This implementation uses an "undo log" approach to implement the "Simple Database Challenge". A data hash map stores all the key value pairs. Another hash map is used to store the count of each value. Each update (SET/UNSET) modifies the data hash map directly and update the count of the new and old value. The count of "null" value is not tracked.
Transaction is supported by a set of undo logs organized in a linked list. When a new transaction starts, a new undo log is added to the front of the undo log list. An undo log is a hash map itself that stores the original value for each key modified in the current transaction. When SET/UNSET is called the first time on a key, the key / original value pair will be added to the undo log and will not be changed again in the same transaction.
When rollback is called, the original values from the undo log will be set on the data hash map and the value counts will be adjusted in the same way during SET/UNSET. The undo log for the current transaction will then be removed from the undo log list.
When commit is called, we only need to clear the undo log list, as the data and value counts always reflect the latest state.
As hash map is used to store the data and value count, GET and NUMEQUALTO are O(1). BEGIN, SET and UNSET are also mainly get/put operations on the hash map and should be O(1). COMMIT only clears the undo log list, it's time will be constant. ROLLBACK's complexity will depend on the number of keys that need to be set. As the number of keys modified in a transaction is relatively small, the time will likely to be constant as well.
As the number of keys modified in a transaction is relatively small, the hash map memory footprint for each undo log will be small.
Two classes used in the implementation:
- SimpleDB class - It mainly handles input and output. It invokes DataStore class for data operations.
- DataStore class - It has internal data structures to store key value pairs and supports read/write operations and the transaction behaviors.
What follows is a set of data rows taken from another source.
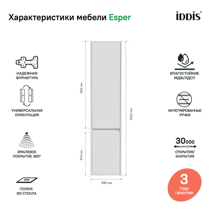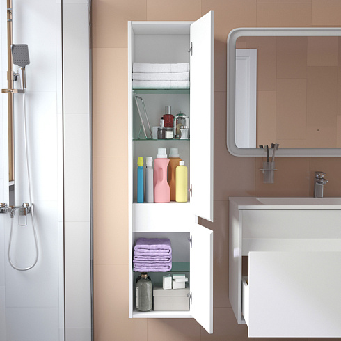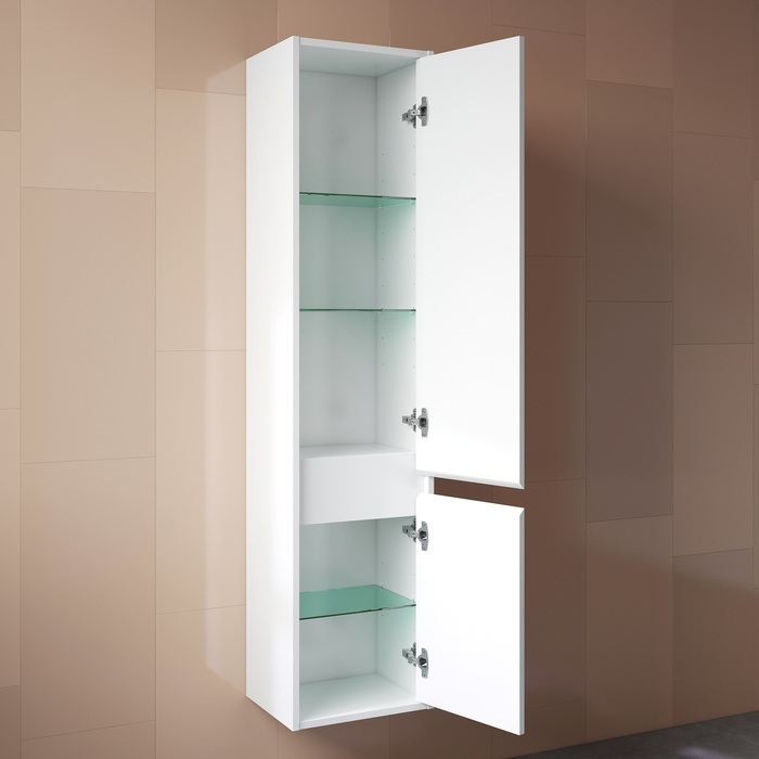 Мебельная коллекция Esper – выбор тех, кто ценит одновременно простые и продуманные решения. Глянцевый фасад придает подвесному пеналу Esper современный внешний вид. Интегрированная ручка обеспечивает дополнительный комфорт и безопасность. Пенал можно повесить вплотную к стене или разместить в узкой нише благодаря утопленным в фасад дверкам. Он имеет универсальную ориентацию: можно самостоятельно выбрать, где расположить большое отделение и в какую сторону будут открываться дверцы.
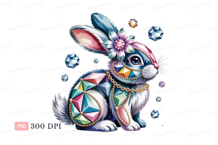 Jeweled rabbit adorned with flower and gems bunny crystals example image 1
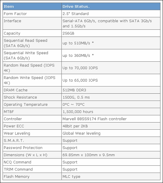 右上角有詳細的各容量M3 SSD規格,原則上越高等級的在Buffer與寫入速度上表現也越好,筆者測試的256GB版PX-256M3最高提供510 MB/s讀與360 MB/s寫入的速度:
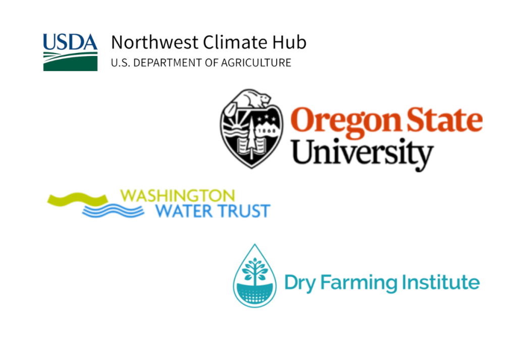 Our team includes: American Farmland Trust, the Dry Farming Institute, Oregon State University Extension, the Washington Water Trust, the USDA California, Northwest Climate Hubs, and Oregon Climate and Agriculture Network. This project is supported by the USDA National Institute of Food and Agriculture’s Extension, Education, and USDA Climate Hubs Partnership program (Award #2023-67019-39349). This NIFA program is focused on providing effective, translatable, and scalable approaches to address climate change through regional partnerships.
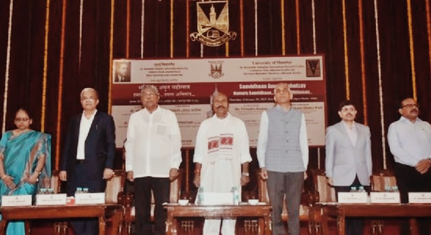 भारतीय संविधान की 75वीं वर्षगांठ के अवसर पर केंद्रीय सामाजिक न्याय एवं अधिकारिता मंत्री डॉ. वीरेंद्र कुमार ने आज मुंबई विश्वविद्यालय में आयोजित ‘संविधान अमृत महोत्सव’ में एक सभा को संबोधित किया। अपने मुख्य भाषण में डॉ. कुमार ने संविधान के प्रमुख निर्माता डॉ. भीमराव अंबेडकर से प्रेरित सामाजिक न्याय, समानता और सशक्तिकरण के आदर्शों को आगे बढ़ाने की सरकार की प्रतिबद्धता पर जोर दिया।
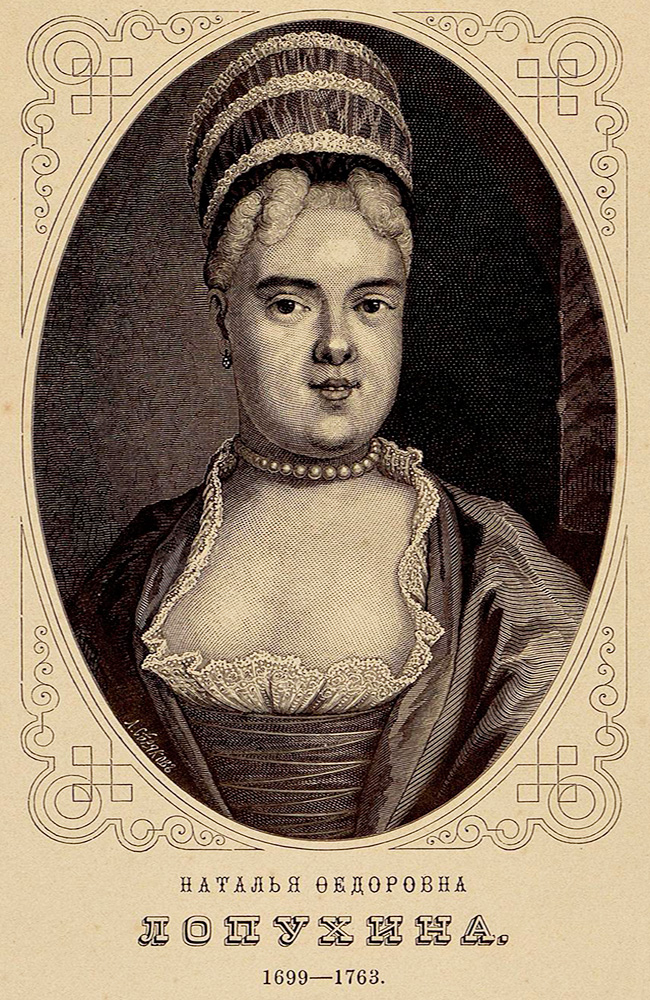Наталья Лопухина славилась своей красотой, была известна как светская женщина, любительница балов, модница, сплетница. Это была женщина, знавшая цену людям и себе. Благодаря ее интригам, продвигался по служебной лестнице и муж, семья получила значительные земельные владения.
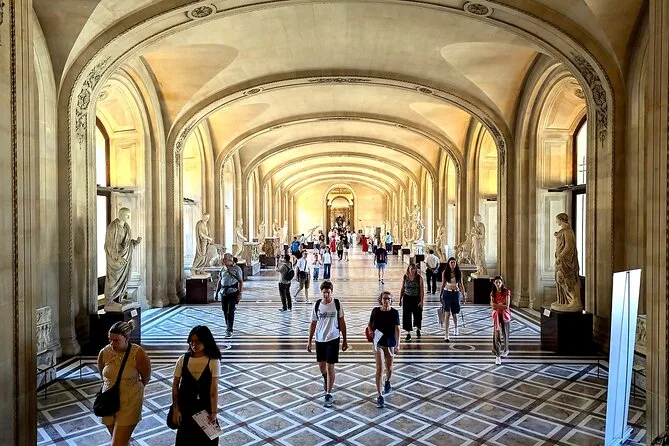Tu día incluye entradas reservadas al Museo del Louvre en París, todas las tarifas pagadas para que evites las largas filas, y un guía local profesional que te llevará con un grupo pequeño (máximo seis personas) por obras maestras y rincones secretos durante 2.5 horas dentro del museo.
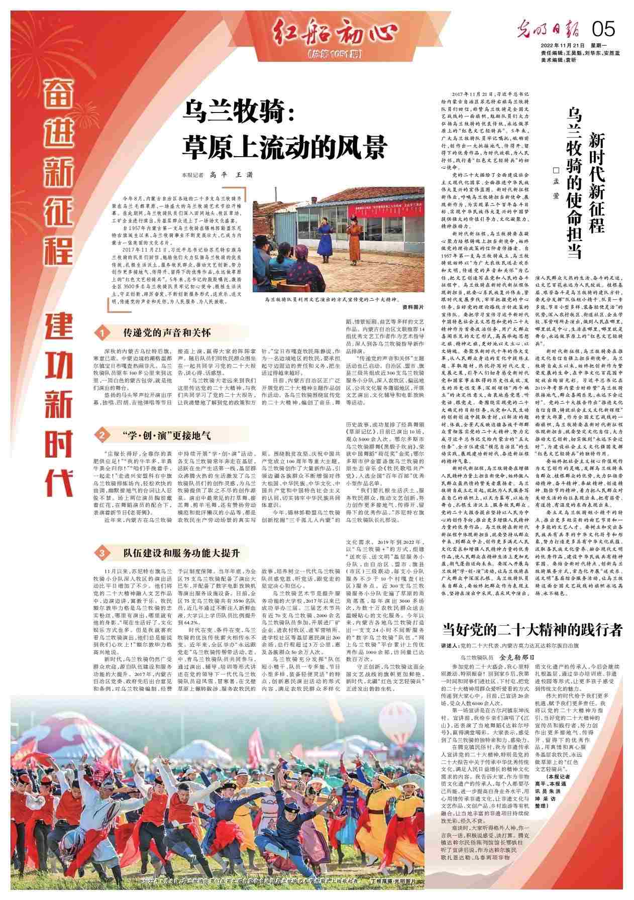 守正創(chuàng)新,烏蘭牧騎這面全國(guó)文藝戰(zhàn)線的旗幟更加鮮艷。新時(shí)代,北疆“紅色文藝輕騎兵”正迸發(fā)出勃勃生機(jī)。
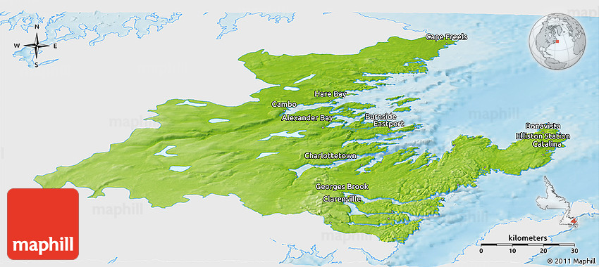 The panoramic physical map represents one of several map types and styles available. Look at Division No. 7, Newfoundland and Labrador, Canada from different perspectives.

- Down load the files into a folder
- navigate to the bin sub folder in a terminal
- run
java SimpleDB
An alternative solution can use the "shadow value" approach, where the value modified in a nested transaction "shadows" the value in the nesting transaction. Depending on implementation, this approach may have the following limitations: (1) Iterative lookup for a variable across nested transactions. The time it takes to look up a variable may depend on the height of the transaction stack. (2) Special handling for UNSET. Need to a way to tell if the value is intentionally set to null in the current transaction or just not modified. (3) More work for COMMIT. When commit is invoked, we need to "fold" changes across the transaction stack and update related value counts. This could be a performance issue for a very high transaction stack.